Dicyphus hesperus

Scientific classification
- Kingdom: Animalia
- Phylum: Arthropoda
- Clade: Pancrustacea
- Class: Insecta
- Order: Hemiptera
- Suborder: Heteroptera
- Family: Miridae
- Genus: Dicyphus
- Species: D. hesperus
- Binomial name: Dicyphus hesperus Knight, 1943

= Dicyphus hesperus =

- Genus: Dicyphus
- Species: hesperus
- Authority: Knight, 1943

Species of true bug

Dicyphus hesperus is a species of true bug in the family Miridae. It is a generalist predator of other insects and also feeds on plant tissues. It is native to North America and has been used there in biological control of agricultural pests, especially whitefly on tomatoes.

==Ecology==
Dicyphus hesperus is a predator and preys on other insects such as whitefly, aphids, mites and caterpillars. It is used in the biological control of insect pests. However it is not entirely predatory and feeds on plant tissues also. One of its plant hosts is the common mullein (Verbascum thapsus). As an omnivore, it alternates between feeding on plants and on animals, and if deprived of all suitable plant tissue, it will die, even in the presence of whiteflies.
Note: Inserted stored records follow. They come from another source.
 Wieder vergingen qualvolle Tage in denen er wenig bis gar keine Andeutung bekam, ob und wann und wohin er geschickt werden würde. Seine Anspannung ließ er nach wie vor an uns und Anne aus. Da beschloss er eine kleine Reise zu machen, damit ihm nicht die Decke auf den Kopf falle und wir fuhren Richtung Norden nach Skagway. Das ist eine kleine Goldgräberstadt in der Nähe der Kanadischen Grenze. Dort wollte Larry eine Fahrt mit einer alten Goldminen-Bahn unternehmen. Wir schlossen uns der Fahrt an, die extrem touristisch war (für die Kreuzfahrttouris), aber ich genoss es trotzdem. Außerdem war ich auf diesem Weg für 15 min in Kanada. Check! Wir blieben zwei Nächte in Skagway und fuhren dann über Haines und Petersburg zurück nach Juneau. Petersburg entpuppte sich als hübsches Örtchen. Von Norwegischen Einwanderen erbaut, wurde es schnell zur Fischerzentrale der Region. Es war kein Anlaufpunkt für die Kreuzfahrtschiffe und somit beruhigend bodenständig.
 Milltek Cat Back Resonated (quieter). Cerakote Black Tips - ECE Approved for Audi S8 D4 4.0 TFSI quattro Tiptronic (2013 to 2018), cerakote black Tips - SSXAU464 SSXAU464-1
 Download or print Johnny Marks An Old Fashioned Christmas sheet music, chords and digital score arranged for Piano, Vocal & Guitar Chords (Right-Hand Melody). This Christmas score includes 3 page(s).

==Use in biological control==
Generalist predators can be very useful for biological control in tomato crops in enclosed environments, but the introduction of non-indigenous species is risky because of the unknown ecological effects they may have if they escape into the wider environment. For this reason, native species are preferable, and Dicyphus hesperus can fulfil this role in North America in the same way that Macrolophus caliginosus is used in vegetable crops in Europe.
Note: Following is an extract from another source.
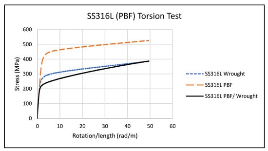 Figure 6 shows the average stress profiles of SS316L in torsion for the two wrought, three PBF, and three PBF/wrought specimens. The wrought and PBF/wrought specimens performed similarly, while the PBF specimens exhibited a much higher . Table 4 shows the average torsional shear strength () and shear modulus () for the wrought, PBF, and PBF/wrought specimens.
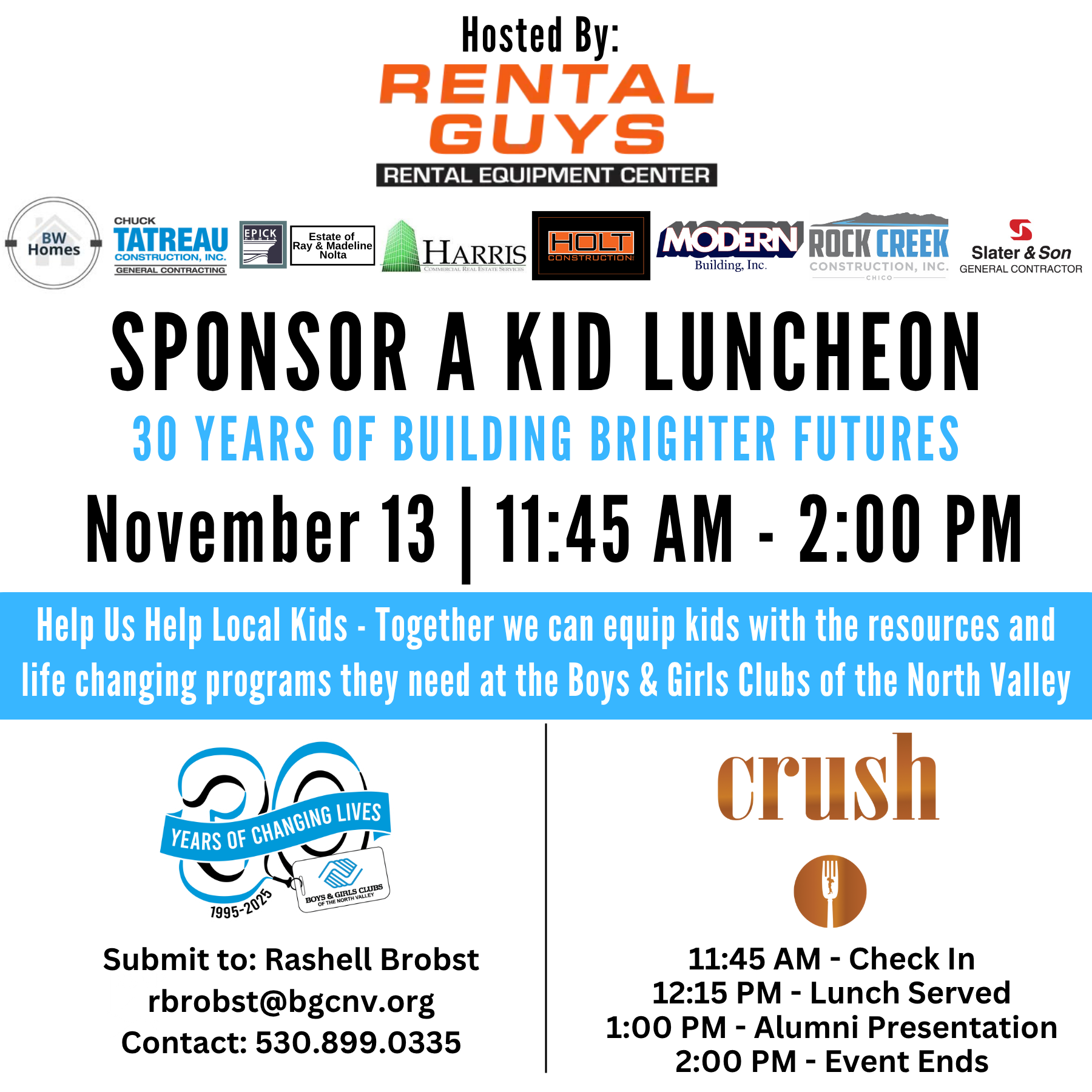 Join your hosts Rental Guys, BW Homes, Chuck Tatreau Construction, Epick Homes, Estate of Ray & Madeline Nolta, Harris Commercial Real Estate, Holt Construction, Modern Building, Rock Creek Construction, and Slater & Son for Sponsor a Kid Luncheon on Thursday Nov. 13th to help build brighter futures for local kids and families!

Research has shown that D. hesperus preys on the greenhouse whitefly (Trialeurodes vaporariorum), and the two-spotted spider mite (Tetranychus urticae), both in the laboratory and in a glasshouse planted with tomatoes. When offered both pests it preferentially selects the whitefly. The mirid bug completed its development from egg to adult on either of the two food sources, but it grew faster and was larger at maturity when feeding on the whitefly.
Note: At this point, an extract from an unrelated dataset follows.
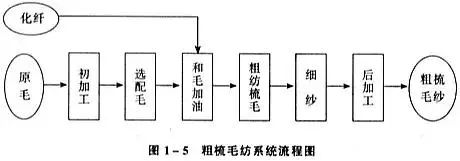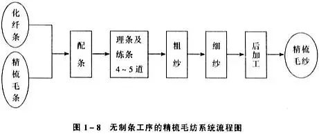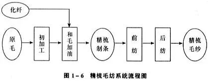 O sistema de fiação de lã penteada possui muitos processos e processos longos, que podem ser divididos em duas partes: tiras retas e fiação, e o fluxo do sistema de fiação é mostrado na figura abaixo.
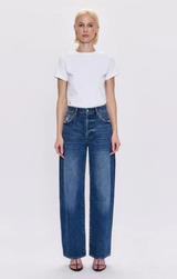 Pistola's signature bowed wide leg jean featuring an ultra high waist and a dark wash with a lived in look. Style with a fitted long sleeve and boots for a chic fall feel.

Dicyphus hesperus has also been tested as a biological control for the western flower thrips (Frankliniella occidentalis) on tomatoes. It was effective at reducing the number of thrips but when the ratio of predator to prey was too high (>1:10), some damage was caused to the tomato fruits by D. hesperus.

Dicyphus hesperus feeds on the mullein Verbascum thapsus and to a lesser extent on the eggplant, and can be maintained on these plants in a greenhouse as a preventative measure. As well as controlling greenhouse whitefly and silverleaf whitefly (Bemisia tabaci), it feeds on russet mites (Aceria anthocoptes), predatory mites, aphids and the eggs of moths. It causes some damage to green tomato fruits in the absence of sufficient alternative plant sources of food, but does not cause sufficient harm for the ripe fruit to be down-graded. However, in gerbera crops, the nymphs and adults may feed on the developing flower buds and cause distortion and spoilage of the flowers.